Langues régionales : en Alsace et en Bretagne, la colère ne retombe pas

Langues régionales : en Alsace et en Bretagne, la colère ne retombe pas

TOUCHE PAS À MON "ELSÄSSISCH" - Des centaines d'Alsaciens - mais aussi des milliers de Bretons - ont manifesté ce samedi 29 mai pour défendre "l'enseignement immersif" et l’utilisation de signes diacritiques, reconnus dans une loi sur les langues régionales adoptée le 8 avril dernier, mais censurés par le Conseil Constitutionnel.

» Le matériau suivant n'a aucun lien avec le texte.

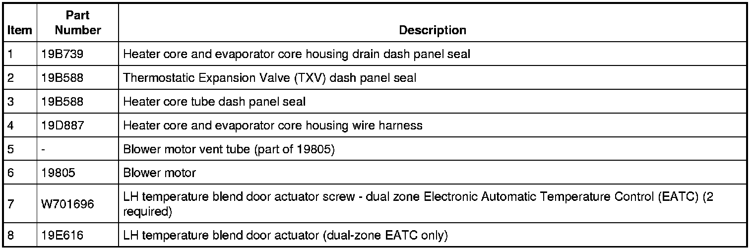 17. Remove the heater core and evaporator core housing drain dash panel seal.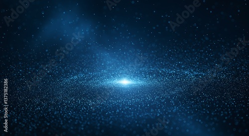 A cosmic ocean of shimmering blue dust particles, a celestial spectacle with a bright core, creating a mesmerizing deep space scene.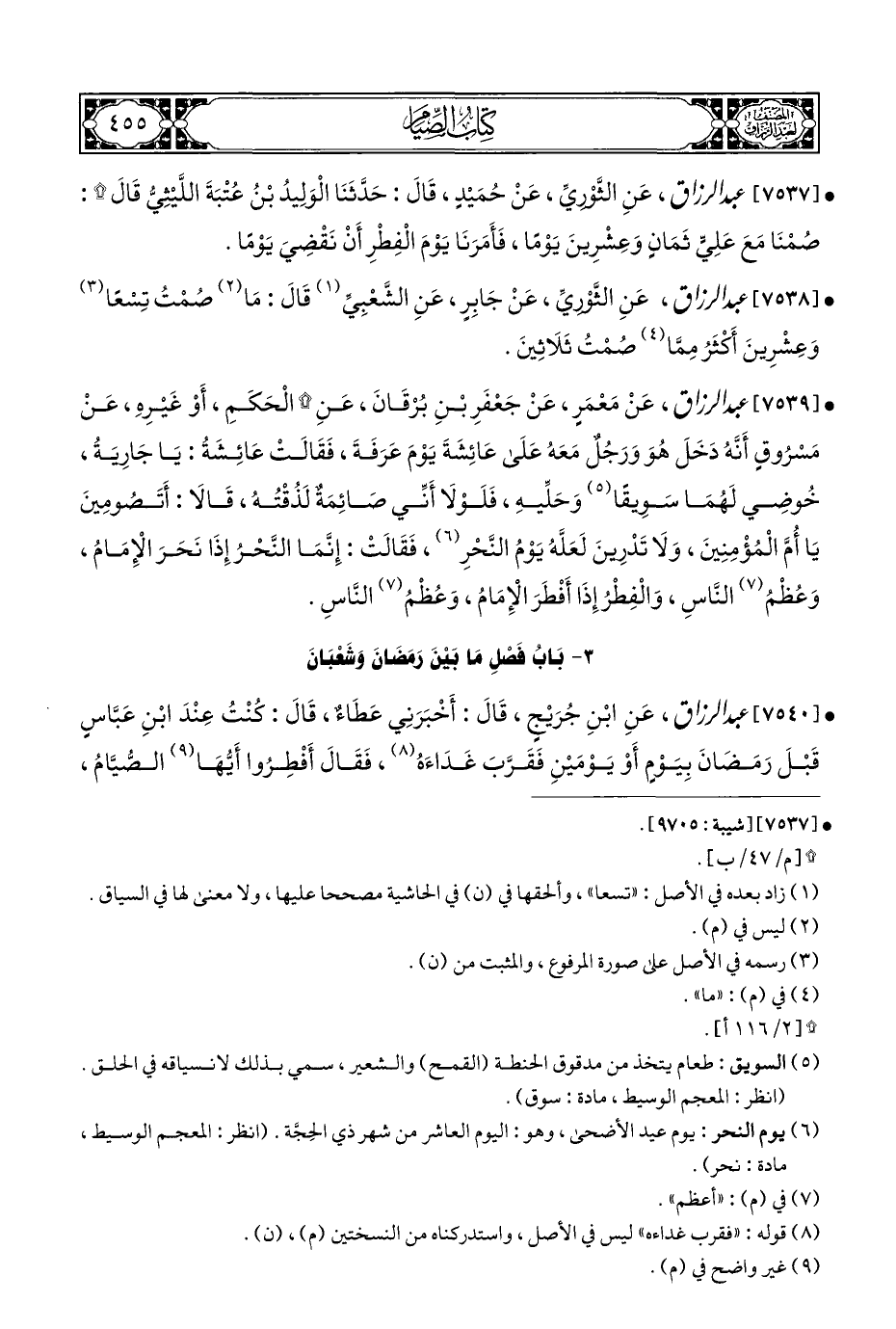 • [٧٥٤٠] عبد الرزاق، عَنِ ابْنِ جُرَيْجٍ، قَالَ: أَخْبَرَنِي عَطَاءٌ، قَالَ: كُنْتُ عِنْدَ ابْنِ عَبَّاسٍ قَبْلَ رَمَضَانَ بِيَوْمٍ أَوْ يَوْمَيْنِ فَقَرَّبَ غَدَاءَهُ (¬٨)، فَقَالَ أَفْطِرُوا أَيُّهَا (¬٩) الصُّيَّامُ،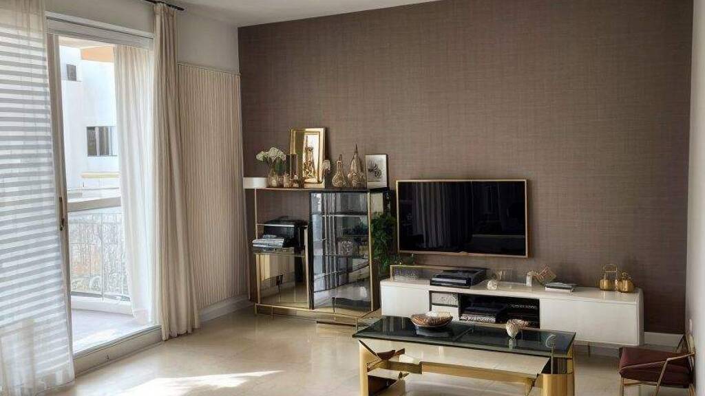Helles Wohnzimmer mit direktem Zugang zu einem 10 m² großen Balkon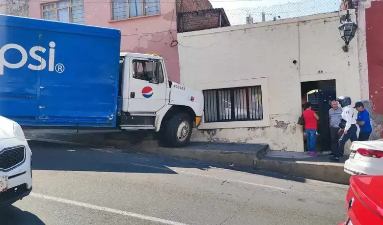 Morelia, 5 de marzo de 2025.- El conductor de un camión repartidor de la empresa Pepsi chocó contra una banqueta y la fachada de una casa tras fallarle los frenos cuando circulaba cuesta abajo sobre la avenida Héroe de Nacozari, al norte de Morelia.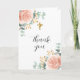 White background. rose gold florals and eucalyptus greenery. Thank you is written with a large hand lettered style font.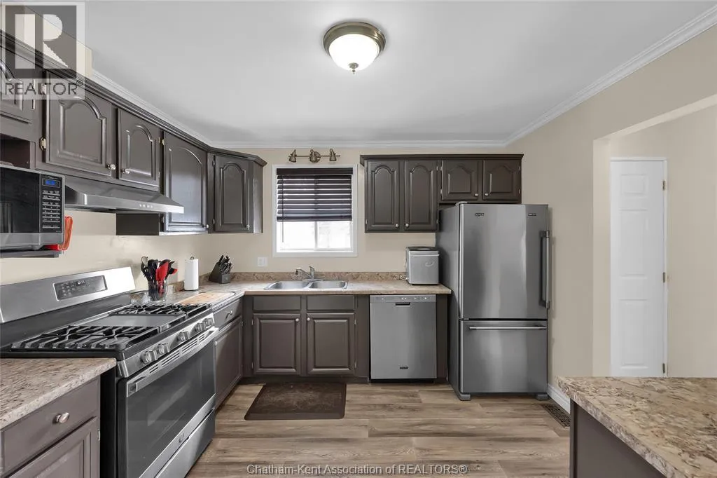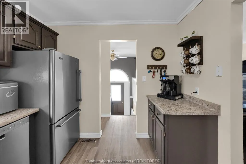 Hey House Hunter, welcome to this nicely updated 5 bedroom, 2 full bathroom, semi-detached gem in a desirable neighbourhood in Wallaceburg. This home is perfectly situated in a great location just a short walk from schools, parks, restaurants, and shopping. On the main level youâll find a comfortable living room, nicely laid out kitchen with gas stove (could have electric stove instead), 3 good sized bedrooms and a full bathroom. On the lower level, thereâs a spacious family room, 2 more bedrooms (one is currently outfitted for a hair salon), a full bathroom, and a great utility/storage area with a grade entrance out to the back yard. Speaking of the back yard, youâll be happy to entertain in your easy-to-manage, fenced in yard which features raised garden beds, screened in gazebo with hot tub, and a 10Ã16 workshop with a 6Ã8 addition for your lawn care equipment. Thereâs plenty of parking in the neat and tidy concrete driveway (new in 2022) complete with large gate to pull through to the back if needed. There is also a large gate on the side of the property so getting your boat or trailer in the backyard is easily done. Updates include â flooring 2022, appliances 2020/21, furnace and a/c 2015, front windows, 2017, fence new in 2021, back shed new in 2022, owned hot water tank 2025. Roof was done in 2014. Donât wait too long to book your appointment or this one will be SOLD! *gas fireplace in basement is not in working order and the current owners have never used it* (id:27476)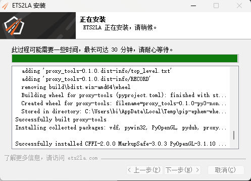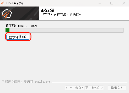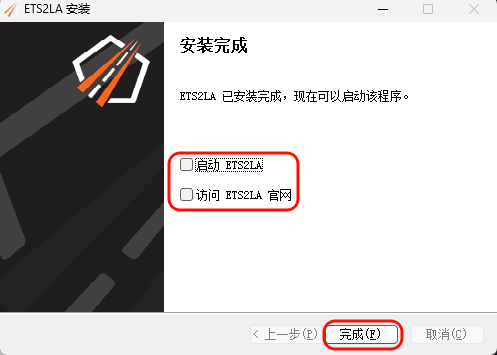 安装完成后取消勾选启动ETS2LA,然后点击完成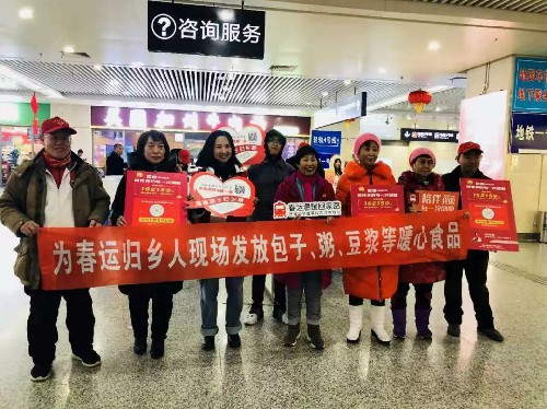 作为必赢76net线路员工干部我们有高度的社会责任感,所以我毫不犹豫地参加了长春站进行的“温暖游子归乡路”志愿服务,充分发挥了青年志愿者在春运工作中的作用。迎着初升的朝阳所有志愿者们早上9点集合,需要把包子、豆浆搬到火车站的咨询台,还需要把桌子、凳子从社区搬到咨询台以便摆放食物。摆放完毕后将装在桶里现场打出的豆浆分装到每个杯里,再将热气腾腾的豆浆和香气四溢的包子分发给春运中需要帮助的人。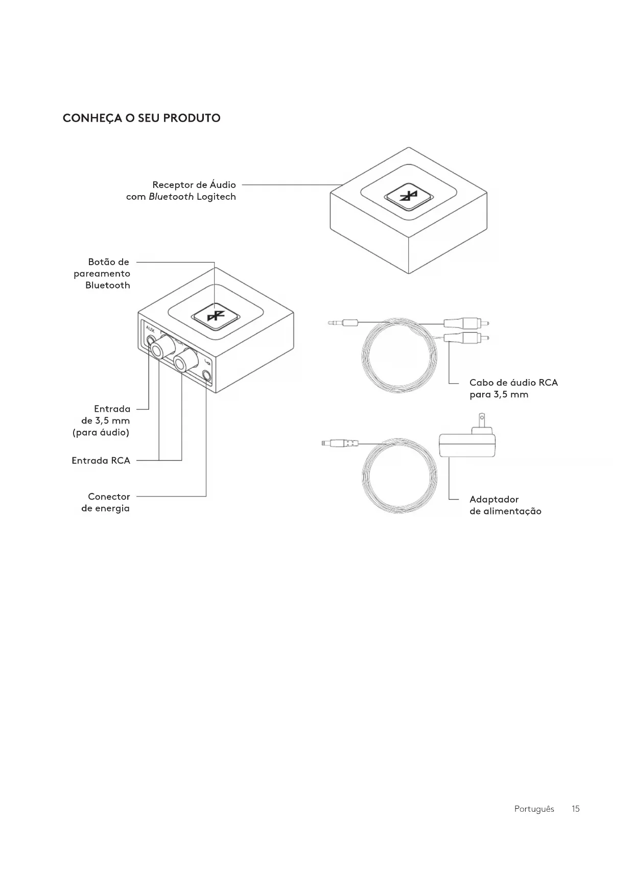 Adaptador dealimentação Cabo de áudio RCA para 3,5 mm Receptor de Áudio comBluetooth Logitech Entrada de3,5mm (paraáudio) Conector deenergia Entrada RCA Botão de pareamento BluetoothPortuguês 16 COMO CONECTAR O RECEPTOR AOS SEUS ALTO-FALANTES AUX RCA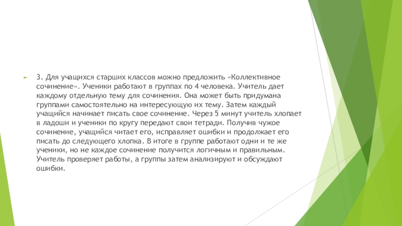 в группах по 4 человека. Учитель дает каждому отдельную тему для сочинения. Она может быть придумана группами самостоятельно на интересующую их тему. Затем каждый учащийся начинает писать свое сочинение. Через 5 минут учитель хлопает в ладоши и ученики по кругу передают свои тетради. Получив чужое сочинение, учащийся читает его, исправляет ошибки и продолжает его писать до следующего хлопка. В итоге в группе работают одни и те же ученики, но не каждое сочинение получится логичным и правильным. Учитель проверяет работы, а группы затем анализируют и обсуждают ошибки.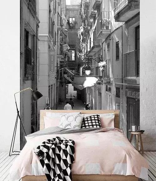 尋常人家的里弄,空間效果不比帝國大廈差,悠遠的縱深感,還給臥室平添一份安寧的人間煙火氣。

"La république, c'est aussi la diversité des régions. Pourquoi ne pas accepter les langues et leur culture ?", déplorait une alsacienne au micro de TF1 ce samedi matin. "On est en Alsace, mince à la fin. Il faut nous défendre", fustigeait une autre. Comme elles, ils étaient une centaine dans les rues de Colmar ce samedi 29 mai, pancartes et drapeaux alsaciens en main, bien déterminés à se faire entendre. Au point d'asperger au passage, le président de la région Grand Est, Jean Rottner, d'une grande quantité de farine pour montrer leur mécontentement.  A l'autre bout du pays, en Bretagne, plusieurs milliers de manifestants s'étaient rassemblés sur le même thème.

Au cœur de cette colère, la décision du conseil constitutionnel de censurer "l’enseignement immersif" des langues régionales et l’utilisation de signes diacritiques comme le tilde dans les actes de l’état civil. Deux articles inscrits dans une loi sur les langues régionales - aussi dite loi Molac -  votée le 8 avril 2021 à l'Assemblée et partiellement retoquée par le Conseil Constitutionnel le 21 mai dernier.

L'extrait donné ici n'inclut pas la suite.